4.2.3. Comparison of Lagrangian Simulations

In the final component of the evaluation framework, the performance similarities between the LSTM and GRU models were assesed through the analysis of centroids, spreads, and skewness within the respective Lagrangian simulation outputs. The findings for Test 1 are shown in Figure 18.

In this case, the average centroid distances for the LSTM and GRU models were around 2 km, suggesting that both models achieved markedly different geographical accuracy. The standard deviation of these distances was 1.54 km, indicating a moderate spread around the centroids. However, the GRU model demonstrated a more compact spread of 0.54 km compared to the LSTM’s 1.81 km, suggesting that GRU’s predictions were more tightly grouped. The skewness metrics showed a mild eastward and southward bias in the LSTM predictions, whereas the GRU exhibited a stronger westward bias and a slight northward tendency, highlighting directional tendencies in their prediction patterns. Next, the results for Test 2 are shown in Figure 19.

The results of the second test showed improvements in clustering, with mean and median centroid distances reduced to approximately 1.63 km and 1.91 km, respectively. This reduction, coupled with a decreased standard deviation of 0.70 km, suggests enhanced prediction accuracy and consistency for this period. Interestingly, LSTM showed a more consistent spread of 1.60 km, whereas GRU’s predictions were more dispersed, with a spread of 2.58 km. Skewness values also shifted, indicating changes in predictive behaviour that might have been influenced by different environmental conditions or model sensitivities to the input data at that time.

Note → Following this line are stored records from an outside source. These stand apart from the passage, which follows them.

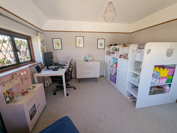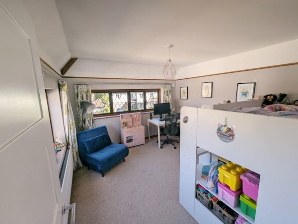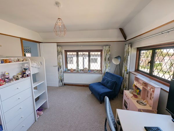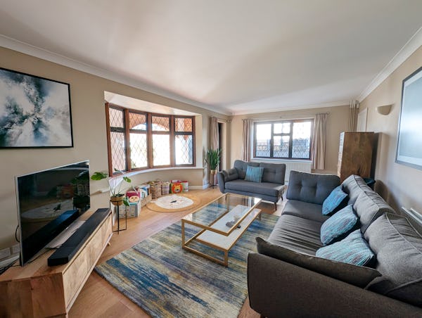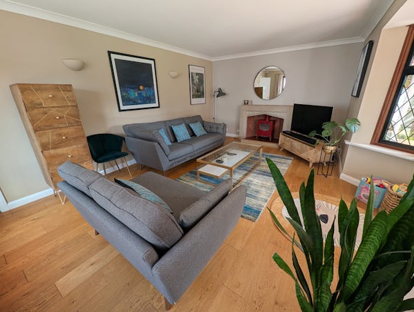 This detached 1950s house located on a quiet, private road in the historic market town of Epsom, Surrey. The property features a generous driveway with off-street parking, an open-plan kitchen/diner with stone worktops, and a spacious living room with a log burner. With three bedrooms, a study, an upstairs family bathroom, and a downstairs shower room, the home offers versatile interiors with many dual-aspect rooms providing excellent natural light.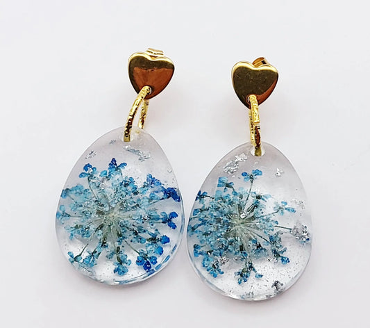 Boucles d'oreilles FLEUR BLEUE DANS UNE GOUTTE D'EAU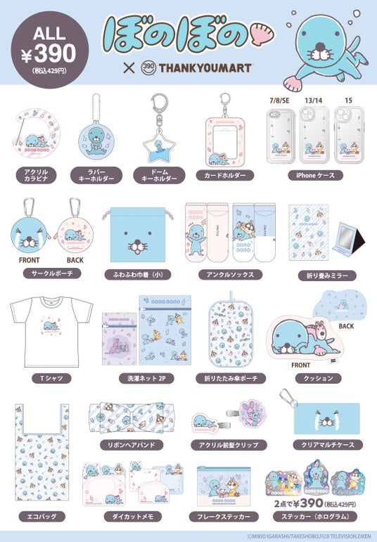 「Be Smile, Be Kawaii」をテーマに、キャラクターの限定アイテムを中心としたカワイイ推しグッズがいつ来てもALL390円で手に入るショップ「サンキューマート」は、いがらしみきお氏による漫画作品『ぼのぼの』とのコラボレーション雑貨を、全国のサンキューマート店舗で7月下旬より入荷次第販売開始いたします。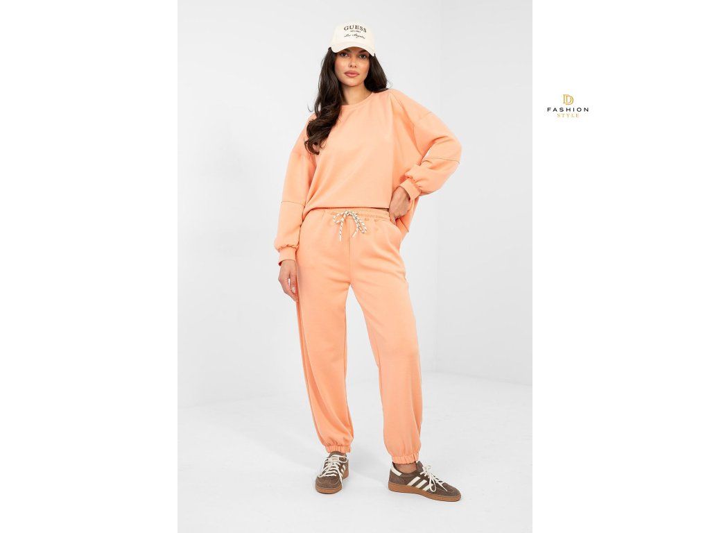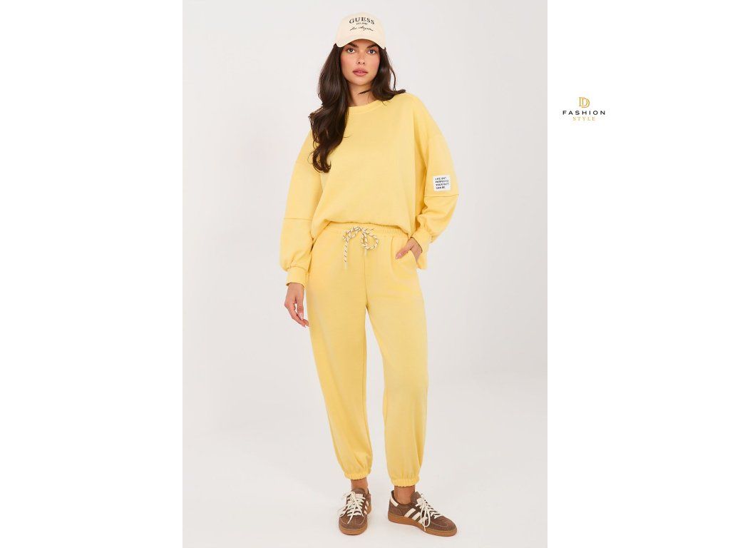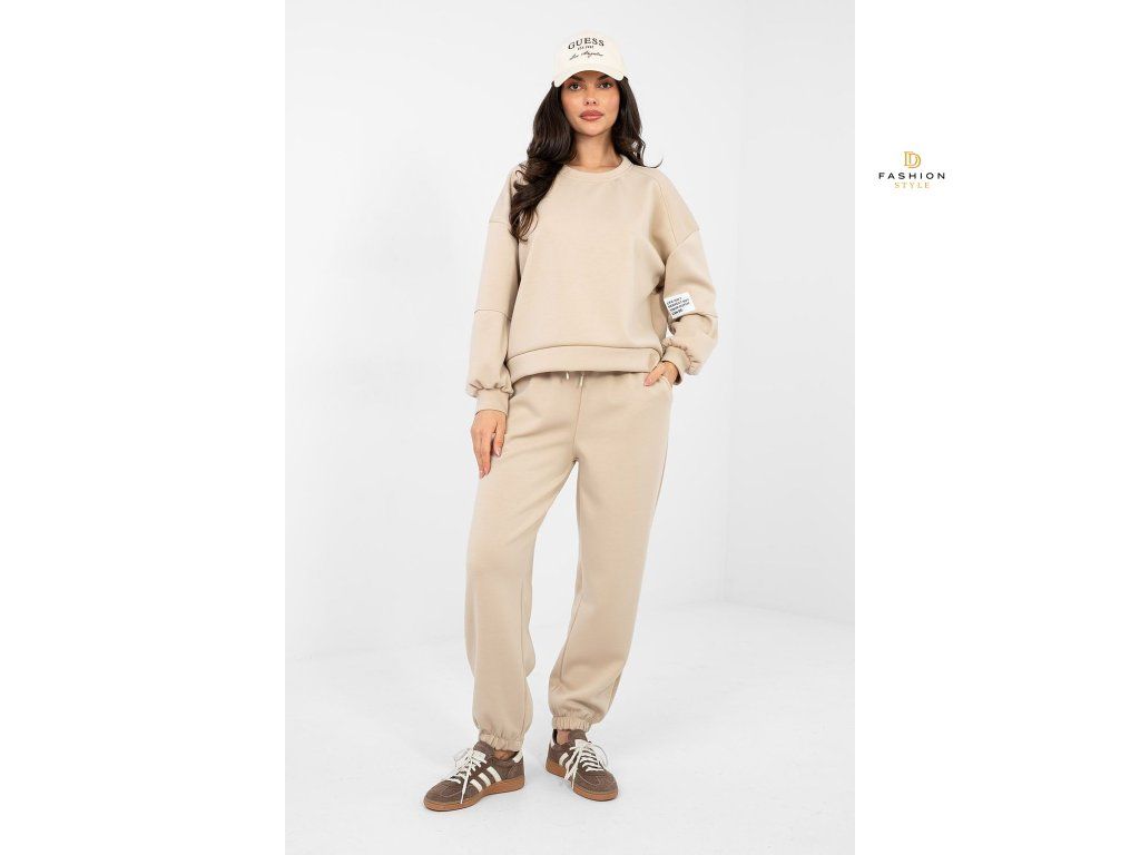 Elegantní sportovní set v casualovém provedení je ideální volbou pro každodenní styling. Hladký vzor mu dodává univerzální charakter, díky čemuž se skvěle hodí jak při odpočinku, procházkách, tak i ve městských outfitech. Mikina s dlouhým rukávem a kulatým výstřihem poskytuje pohodlí a nadčasový vzhled. Další výhodou je decentní nášivka umístěná na levém rukávu, která celku dodává módní akcent. Kalhoty s dlouhými nohavicemi zakončenými manžetami se skvěle přizpůsobí postavě. Vysoký pas zdůrazňuje pas a zvyšuje pohodlí nošení, a boční kapsy dodávají funkčnost. Set je vyroben z měkké a elastické směsi viskózy a elastanu, což zaručuje pohodlné nošení, volnost pohybů a dokonalé přizpůsobení postavě. Je to pohodlný a stylový set na každý den. Materiál typu "máslo" je měkký, jemný a mimořádně příjemný na dotek.

Overall, the analyses highlight that the LSTM models generally offered more consistent and reliable performance, marked by less variability in spread and skewness compared to GRUs. While GRUs seemed to adjust their performance based on different conditions, suggesting a possible sensitivity to seasonal or environmental changes, the LSTM models maintained steadiness across the evaluated metrics. This consistent performance makes LSTM the more suitable model for this application.

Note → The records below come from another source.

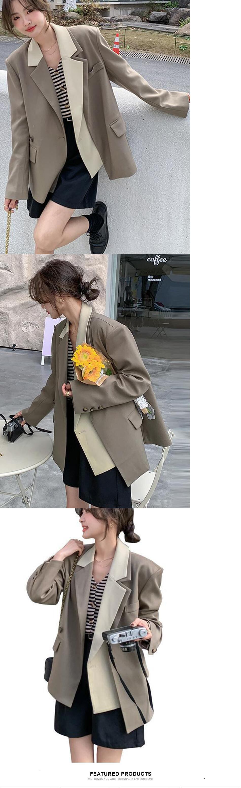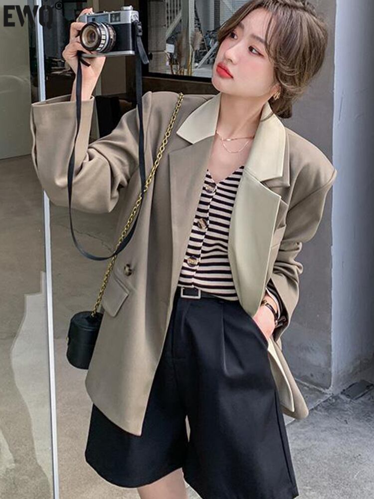 [EWQ] パッチワーク 1 ボタン ブレザー コート長袖ルーズノッチ スーツ ジャケット秋潮ブレザー 6U1081 ロング オータム 秋物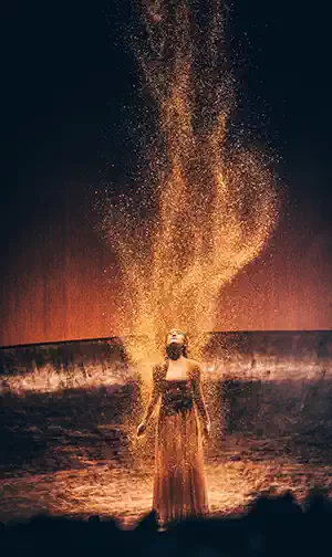 2016年,杨丽萍组建了一个国际化的顶级团队,与叶锦添、何训田等众位艺术家一起展开了对于这段生命“密码”的伟大冒险。两年之中,他们穿越幻像,历经轮回,从“无”中创造“有”,以东方释西方;以不同,求大同。
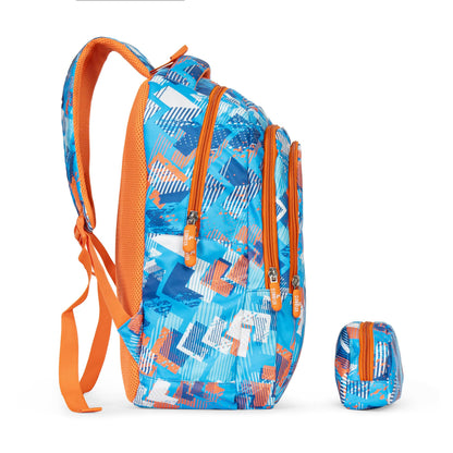 Scholastic 30L Unisex Blue-Orange School Backpack with Pencil Pouch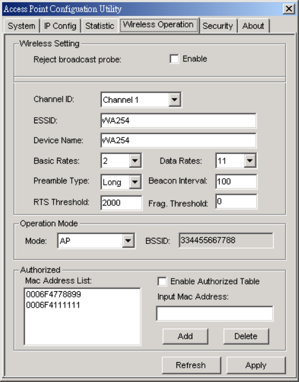 Reject broadcast probe: When checked the Module broadcasts the ESSID to the stations, if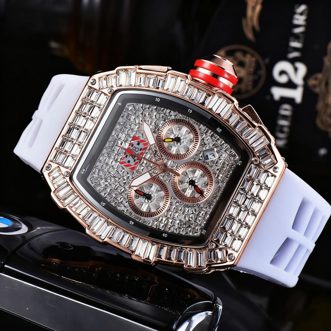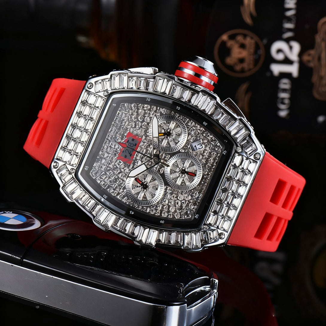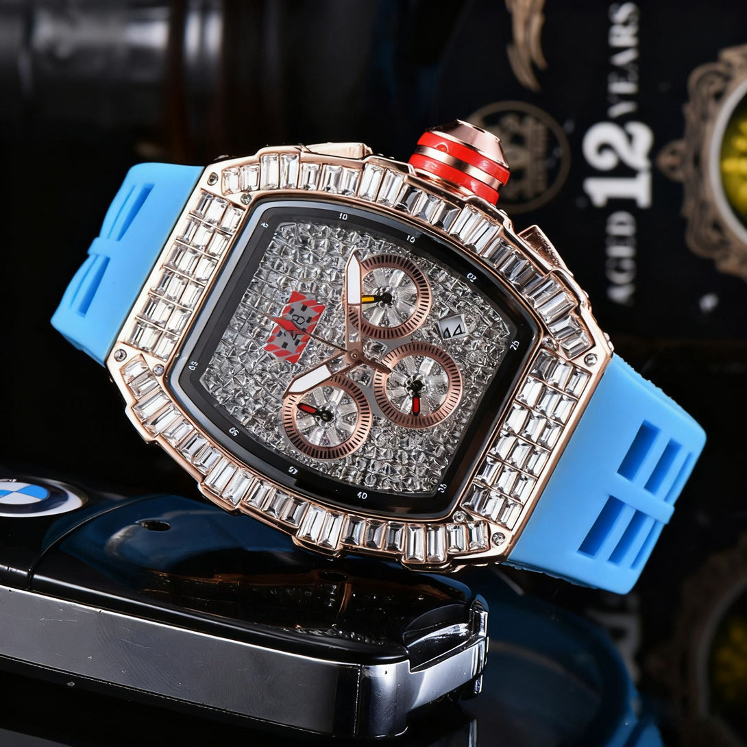 Rise to the peak of luxury with the Coral Apex Ice Watch—where oceanic elegance meets mountain-high prestige. Inspired by the vibrant beauty of coral and the untouched brilliance of glacial ice, this timepiece features a mesmerizing fusion of rich color and diamond-set frost. Its bold, sculpted design captures light like sunlit reefs meeting Arctic light, creating a striking visual contrast that commands attention. For those who conquer both depth and height, this watch is more than an accessory—it’s a testament to refined exploration and polarizing glamour.

4.2.4. Comparison of Final Lagrangian Visualisations

Visual comparisons between Figure 11 and Figure 12 indicate notable differences in the outcomes of the LSTM and GRU simulations. Specifically, the August simulations (Figure 11) revealed distinct disparities in the final particle locations between the LSTM and GRU models. Conversely, the November simulations (Figure 12) displayed a high degree of similarity. This observation lends support to findings from our previous observations in Section 4.2.3, where the November results demonstrated greater alignment between the models when compared to August. Such disparities point out the variable nature of these predictions and highlight the complex interplay of various factors that significantly impact the accuracy and consistency of the final outcomes. This variability is illustrative of the inherent challenges in modelling time-series data, for which slight variations in input or parameters can lead to markedly different predictions.

5. Conclusions

In this study, an integrated system that combined ML models with a physics-based Lagrangian framework to forecast the movement and dispersion of sea-surface debris around Malta were proposed. The results demonstrate the capability of the system to make accurate 24-h predictions and dynamically visualise the trajectory of marine debris. Through a comparative evaluation, it was determined that the LSTM model outperformed the GRU model in predicting SSC velocities, evidenced by better performance in error metrics such as the mean absolute error (MAE), mean squared error (MSE), and root mean squared error (RMSE). These findings validate the effectiveness of the integrated approach and demonstrate its potential to enhance marine conservation efforts.

The analysis consisted of an evaluation of error metrics and geospatial behaviour, which together provided a robust evaluation of the effectiveness of the models and the corresponding practical applicability. The findings indicate that LSTM provided more consistent and reliable predictions, establishing it as the preferred model when considering the performance of both components across diverse seasonal and environmental conditions. The geospatial analysis further corroborated these findings, showing that the LSTM generally maintained more consistent performance metrics, such as spread and skewness, when compared to the GRU. This consistency was evident despite the seasonal variations between the two dates, highlighting LSTM’s robustness across different predictive scenarios.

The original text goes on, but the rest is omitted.